More like 25, being really generous.
>Show a stranger a picture of Goku, they immediately recognize him
>Show someone Luffy, they have no clue who the fuck he is and calls the police because you're a moe pedo
Done? Done.
Fresh pasta? I delightfully dig in.
Kekaloodoodoo.
> Wan Pisser picking fights again
Monkey, why didn't you answer my calls? You were late to the Big Three assembly again.
Kek, based.
>GOKU?
Renown.
I don't read that ugly trash.
>Prince is finally, literally, on top again!
kek
>had his arms crossed
>had his back turned
Bejita? Off-guard. He wasn't about to fight his own son.
YES BEJITA CREAMPIE MY WIFE!!!!!!!!!!!!!!!!!!!!!!!!!!!!!!!!!!!!!!!!!!!!!!!!!!!!!!!!!!!!!!!!!!!!!!!!!!!!!!!!!!!!!!
I actually like One Piece more than Dragon Ball but it does not have the popularity Dragon Ball does outside of Japan. I don't know ANYBODY IRL who has seen One Piece.
>This is the only thing he could come up with in response to that masterpiece
>he was mistaken
His IGNOMINIOUS intellectual failing is more besmirching of his reputation than any and all fluctuations in raw power.
my moewife
Based and true.
More iconic? No, probably not.
Why doesn't Toriyama make any more long-running series like Dragon Ball and Dr. Slump? He does plenty of one-shots, but doesn't really commit to any of them like he used to.
BROS????? A V*GITAFAG IS TRYING TO FUCK MY WIFE. HOW DO WE STOP HIM?
This never happened.
You literally can't stop him
Fake post. Bejitabros don't fuck, they rape.
FUCK I love this drawing. The proportions and the facial expression are literally perfect.
>Take meds
>You wife disappears
>Fuck the Bejitafag
Without question the least recognizable of the Big 3. Everyone knows Goku and Dragonball Z is probably the most recongnizable anime ever. Almost everyone knows Naruto. Most people Ichigo. Some people know Luffy.

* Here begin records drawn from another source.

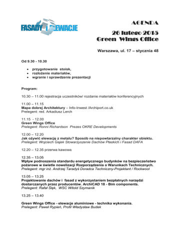 AGENDA 26 lutego 2015 Green Wings Office Warszawa, ul. 17 – stycznia 48 Od 9.30 - 10.30 przygotowanie stoisk, rozłożenie materiałów, wgranie i sprawdzenie prezentacji Program: 10.30 – 11.00 rejestracja uczestników/ rozdanie materiałów konferencyjnych 11.00 – 11.15 Mapa dobrej Architektury – Info-Inwest /Archiport.co.uk Prelegent: red. Arkadiusz Lerch 11.15 - 12.00 Green Wings Office Prelegent: Ronni Richardson Prezes OKRE Developments 12.00 – 12.20 Jak ożywić elewację z metalu? Sposób na niepowtarzalny charakter obiektu. Prelegent: Wojciech Gajek Stowarzyszenie Dachów Płaskich i Fasad DAFA 12.20 – 12.35 przerwa kawowa 12.35 – 13.05 Wpływ podnoszenia standardu energetycznego budynków na bezpieczeństwo pożarowe w świetle nowelizacji Rozporządzenia o Warunkach Technicznych. Prelegent: mgr inż. Andrzej Taradyś Doradca Techniczny-Projektant / Rockwool 13.05 – 13.25 Projektowanie dachów i fasad z wykorzystaniem bezpłatnych narzędzi dostarczanych przez producentów. ArchiCAD 18 - Bim components. Prelegent: Rafał Ślęk, WSC Witold Szymanik 13.25 – 13.40 Green Wings Office - elewacje aluminiowe - technika wykonania. Prelegent: Paweł Rypień, Profil Władysław Budek 13.40 – 14.00 Iluminacja budynków Prelegent: Piotr Linca - Xeno Lighting Concept 14.00 – 14.15 Dyskusja i wręczenie upominków. 14.15 – 15.00 Zwiedzanie Obiektu Green Wings Office 15.00 zakończenie Podczas wydarzenia: konsultacje na stoiskach Partnerów: PERFOPOL, ROCKWOOL POLSKA, STOWARZYSZENIE DAFA, WSC WITOLD SZYMANIK, BAMIX CERAMIKA, XENO LIGHTING POLAND, bezpłatna promocja wybranego projektu na anglojęzycznym portalu ArchiPort.uk.co materiały uzupełniające Pro-Service Ośrodek Wdrożeń Ekonomiczno – Organizacyjnych Budownictwa PROMOCJA Materiały wydawnicze Partnerów oraz upominki od firm: WSC Witold Szymanik – dalmierze laserowe i ipod Shuffle Perfopol ………………………………… Zwiedzanie obiektu Green Wings Office Partner strategiczny: budoskop.pl Patronat Honorowy: OKRE Development Patronat merytoryczny: Stowarzyszenie Dachów Płaskich i Fasad Ośrodek Wdrożeń Ekonomiczno – Organizacyjnych Budownictwa PROMOCJA Partnerzy medialni: Budownictwo 360, E-ściany, Bud News, Świat Szkła, Pasywny-budynek.pl, Elewacje.pl, Tynki, Dom Idealny, Living Room, Świat Betonu, Infoarchitekta, W-A.
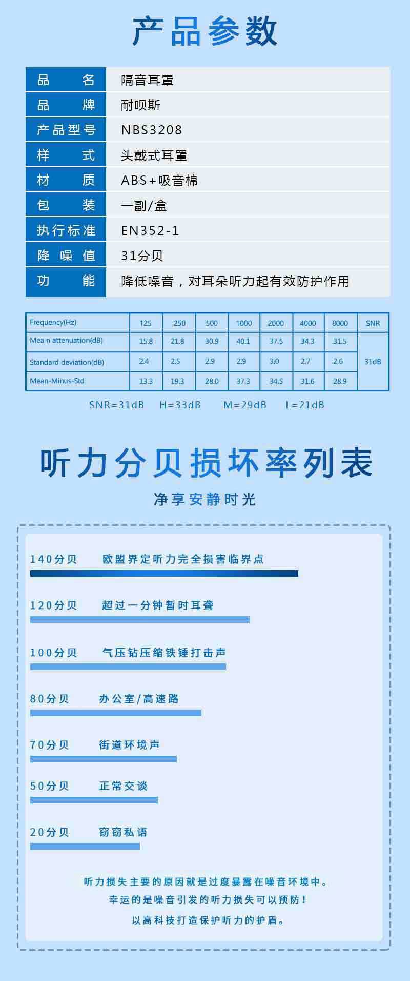 耐呗斯头戴式隔音降噪舒适可调节工业升级版耳罩NBS32E02
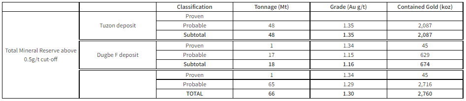 - Tuzon and Dugbe F deposits are 4km apart, serviced by a central processing plant.
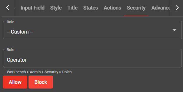 (安全)选项卡可根据 Roles(角色)为小组件设置安全性。要提供或拒绝访问:
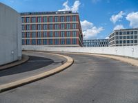 Urban architecture in Berlin, Germany. Modern office buildings and parking garages characterize the business district. Clouds dot the European sky on a typical day. Curved roads and asphalt weave through the city's urban design.
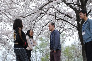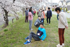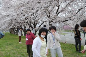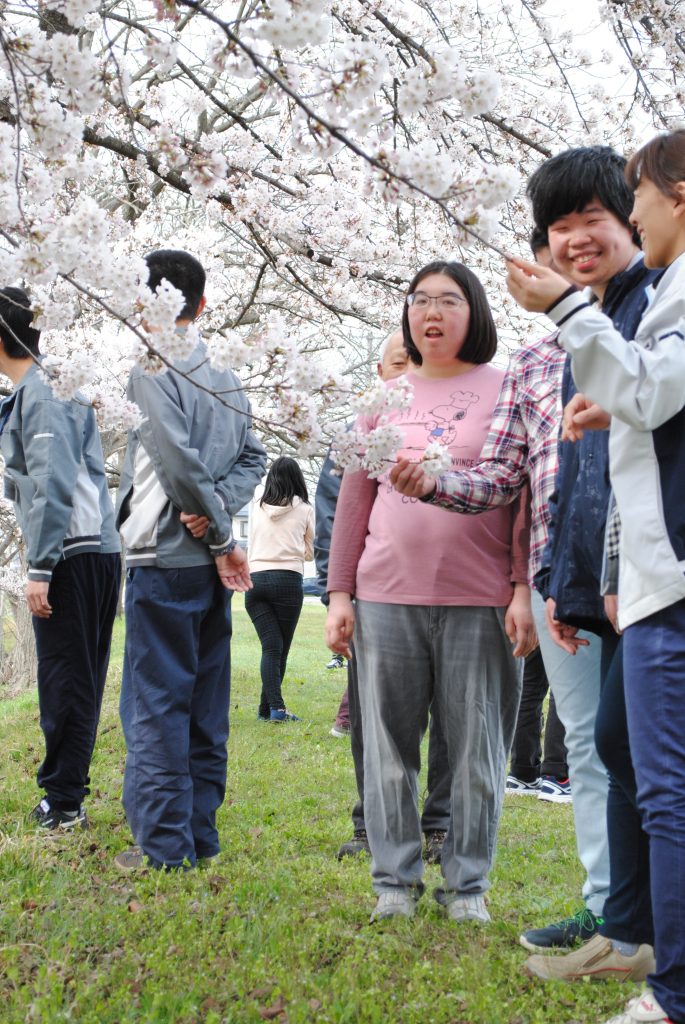 4月15日、今年度最初の行事のお花見と新人さん(利用者・職員)の歓迎会が催されました。当日はあいにくの雨模様でしたので、後日もう一回みんなで桜の木の下を散策しました。

No one knows who this is except for the black community (who despises him and prefers CHADruto)
The WHITEST guy I know loves Luffy and One Piece.
He's old and stopped caring.
Based Nigerianbro.
I'm ETHIOPIAN, you INSIGNIFICANT SPECK of ABSENT MELANIN
Would you if you were in his shoes?
Ore wa Super Yamcha!
Yamcha won.
Gentlemen... we are CANON.
> WHITEST
This is supposed to be a bad thing?
Take all of the one-shots I made in my youth, try and develop the ideas of each with an animation studio or promising mangaka, then work jointly with them on the the most successful one.